Insbesondere Brown-Forman, Pernod RicardAuch Estée Lauder und Puig werden von Gründerfamilien unterstützt.
„Sie haben ein Marktumfeld, das volatil war und wirklich keine Anzeichen einer Stabilisierung zeigt, daher sind Größe und Diversifizierung unglaublich wichtig“, sagte Jeannette Smits van Oyen, JPMorgans globale Leiterin des Consumer- und Retail-Investmentbankings. „Es ist auch kein Zufall, dass diese Entscheidungen in diesen Zeiten für Familienangehörige immer wichtiger werden, wenn es darum geht, zu beurteilen, wie ihre Alternativen aussehen könnten.“
Jeder Deal zwischen Brown-Forman und Pernod Ricard oder zwischen Estée Lauder und Puig wäre zumindest teilweise defensiv, sagten Analysten und mit den Unternehmen vertraute Quellen.
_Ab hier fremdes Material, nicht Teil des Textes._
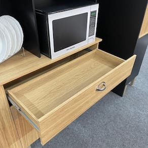 O segundo nicho, posicionado acima do micro-ondas ou forno elétrico, é ideal para decoração ou armazenamento de utensílios e temperos.

Die Spirituosenindustrie sieht sich mit rückläufigen Umsätzen und einem Generationswechsel konfrontiert, da jüngere Verbraucher weniger trinken, während renommierte Kosmetikunternehmen unter dem Druck stehen, besser mit L’Oréal zu konkurrieren, nachdem sie letztes Jahr die Schönheitssparte von Kering übernommen haben.
Verbraucherunternehmen stehen heute mehr denn je unter Druck, dem sich schnell verändernden Geschmack der Generationen einen Schritt voraus zu sein, sagte Mike Ross, PwCs Leiter für US-Verbrauchermarktgeschäfte. „Wir müssen viel agiler sein … und bereit sein, uns viel schneller an diese Signale anzupassen, als ich denke, dass diese Unternehmen jemals zuvor tun mussten“, sagte er.
Insgesamt deuten die Aktivitäten darauf hin, dass die Geschäftsdynamik in der Verbraucherbranche für den Rest des Jahres zunehmen wird.
„Diese Deals werden erst zustande kommen, wenn sie zustande kommen, und dann erzeugen Deals Deals“, sagte Smits van Oyen.